I think we are assuming different operating models. For me, graphql data is canonical. So given a graphql state and "local app state", the local app state should not be a result of the history of the graphql state, but only the actual state. In fact, in my apps so far, the local app state is orthogonal to the graphql state.

What you are describing sounds like Operational Transform and while that has its place, I think it should not be part of a generic graphql client. I'd say that if you want that, the graphql state is the full history of all the operations approved by the server, and the client should at all times be prepared to apply OT to the local non-confirmed operations based on incoming server operations. This is ShareJS' domain.

code is easier to grok than me. check out https://github.com/mattkrick/redux-optimistic-ui. it's like 100 well-commented lines.

Bedtime but will do tomorrow :)

wmertens avatar Feb 12 '17 23:02 wmertens

code is easier to grok than me. check out https://github.com/mattkrick/redux-optimistic-ui. it's like 100 well-commented lines.

Ok, so indeed, this implements sort-of-OT. The thing is, server actions aren't like local actions. They are asynchronous, can fail in various layers, generally have side effects and cannot be controlled by the redux store.

So I like treat graphql mutations as messages-of-intent and all graphql state as "not mine". I somewhat dislike that react-apollo pressures you into defining mutations together with the component, but on the other hand, mutations are sort of declarative and shouldn't impact local state much. Still on the fence, especially since moving the mutation definition elsewhere is so much work, and many of the additional features are closely tied to the component (fetching more data, merging to cache, optimistic result).

…and under that model, I think just storing the expected server response should be sufficient, no?

wmertens avatar Feb 13 '17 08:02 wmertens

mutations should not be declarative, this is the error that cashay, relay, and apollo all made. to be declarative means mutating the denormalized state. Since 1 mutation affects many queries, you'll need each query to handle that mutation. If a query doesn't handle the mutation, then the denormalized state will be stale. Sure, it's simpler for the dev, but the surface area for errors increases from S(1) to S(n).

storing the expected server response should be sufficient

mathematically, no. remember the old redux motto: state = fn(state, action). it's a fun enough proof. try the above example i outlined (2 upvotes, the second comes back a success, then the first comes back a failure) without persisting S0.

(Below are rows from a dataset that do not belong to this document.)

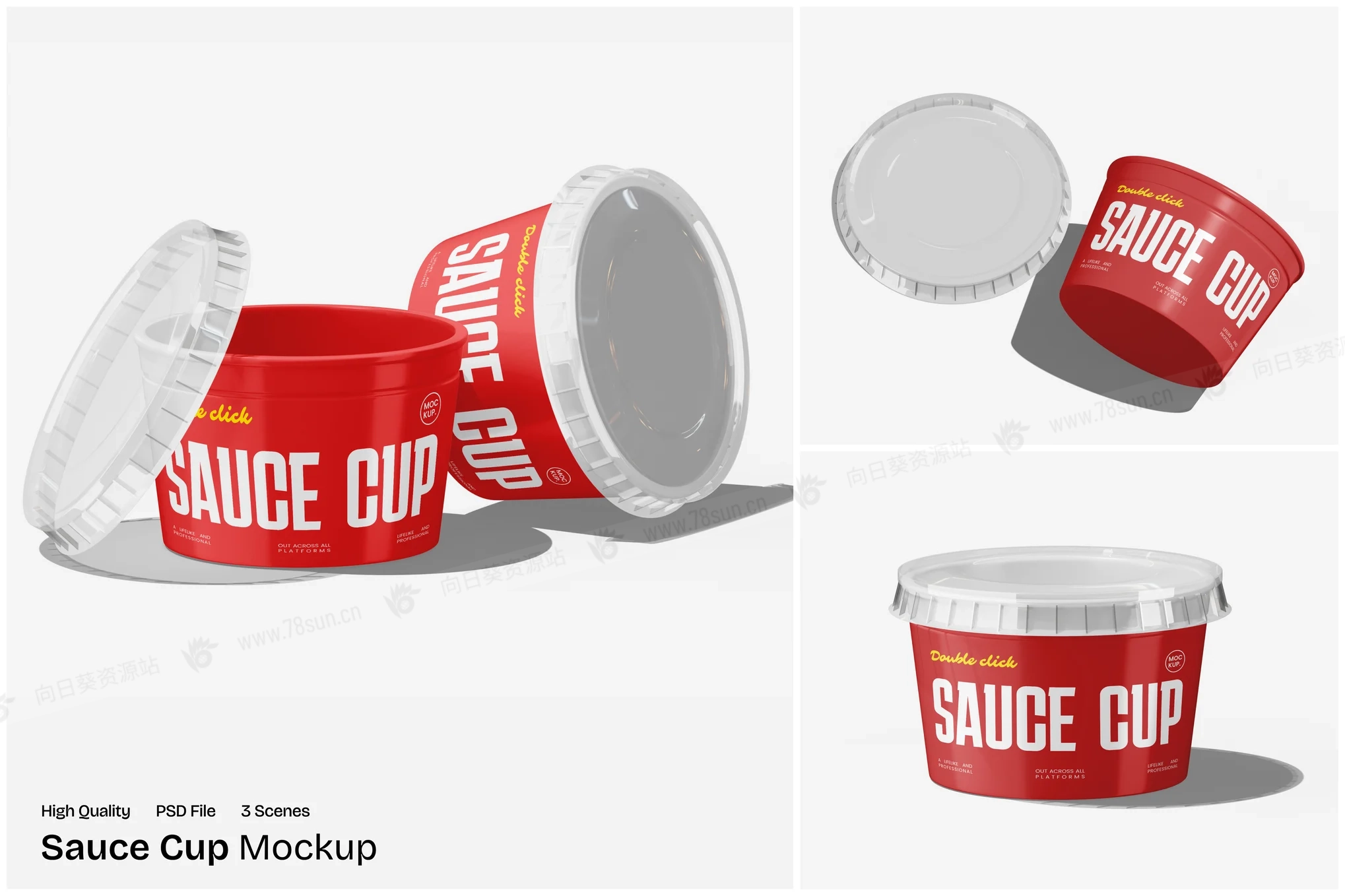 酱杯外卖食品塑料碗品牌VI效果图展示智能贴图psd设计样机,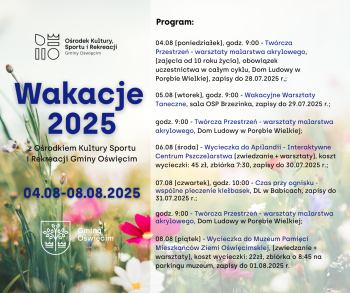 Zapraszamy dzieci z gminy Oświęcim w wieku szkolnym do udziału w zajęciach i wycieczkach w terminie 04.08 - 08.08.2025 w ramach Wakacji 2025 z Ośrodkiem Kultury, Sportu i Rekreacji Gminy Oświęcim.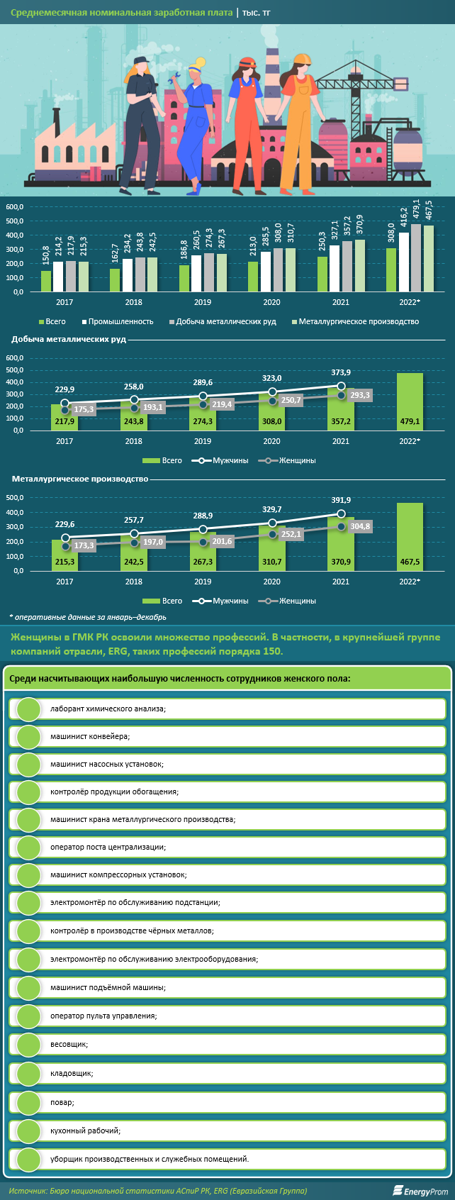 При этом в том же 2021 году женщины в сегменте добычи металлических руд получали в среднем 293,3 тыс. тг, а мужчины — 373,9 тыс. тг. В металлургии женские зарплаты в среднем составляли 304,8 тыс. тг, мужские — 391,9 тыс. тг. То есть при том, что в ГМК РК женщины получают заметно больше, чем в среднем по республике (в 2021 году — всего 220,2 тыс. тг, против 281,2 тыс. тг для мужчин), гендерный разрыв в заработных платах остаётся ощутимым, хотя крупнейшие компании сектора, работающие в рамках ESG, следят за тем, чтобы у них такой ситуации не допускалось.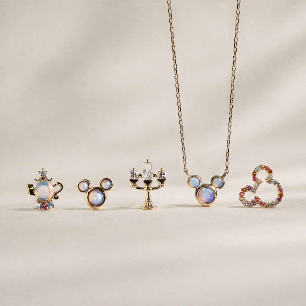 オパールを使用したミッキーモチーフの他、『美女と野獣』のルミエールやポット夫人、『白雪姫』のリンゴなど、物語の世界観を繊細なK10ジュエリーで表現。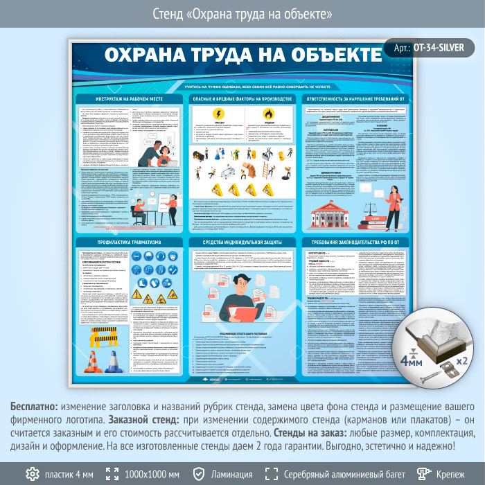 Стенд «Охрана труда на объекте» (OT-34-SILVER) в Великом Новгороде купить

mattkrick avatar Feb 13 '17 18:02 mattkrick

mutations should not be declarative, this is the error that cashay, relay, and apollo all made. to be declarative means mutating the denormalized state.

Ok, I'm not sure how that follows, and maybe we are talking about denormalization differently? And when you say state, do you mean the entire state or just the graphql cache?

For clarity - to me, the way react-apollo works is like React bound inputs. I have an application structure and in some places I ask for server data, which is automatically fetched and provided (on data instead of value). Mutations are like actions - you dispatch them to the server and eventually that results in new data props.

When you specify a mutation declaratively, including how to synchronize the local cache afterwards, you can simply call it with the right parameters and forget about it.

Of course, it is not always trivial to declare how to update the local cache, but worst case you can force refetching everything. Updating local cache is an optimization.

Since 1 mutation affects many queries, you'll need each query to handle that mutation. If a query doesn't handle the mutation, then the denormalized state will be stale. Sure, it's simpler for the dev, but the surface area for errors increases from S(1) to S(n).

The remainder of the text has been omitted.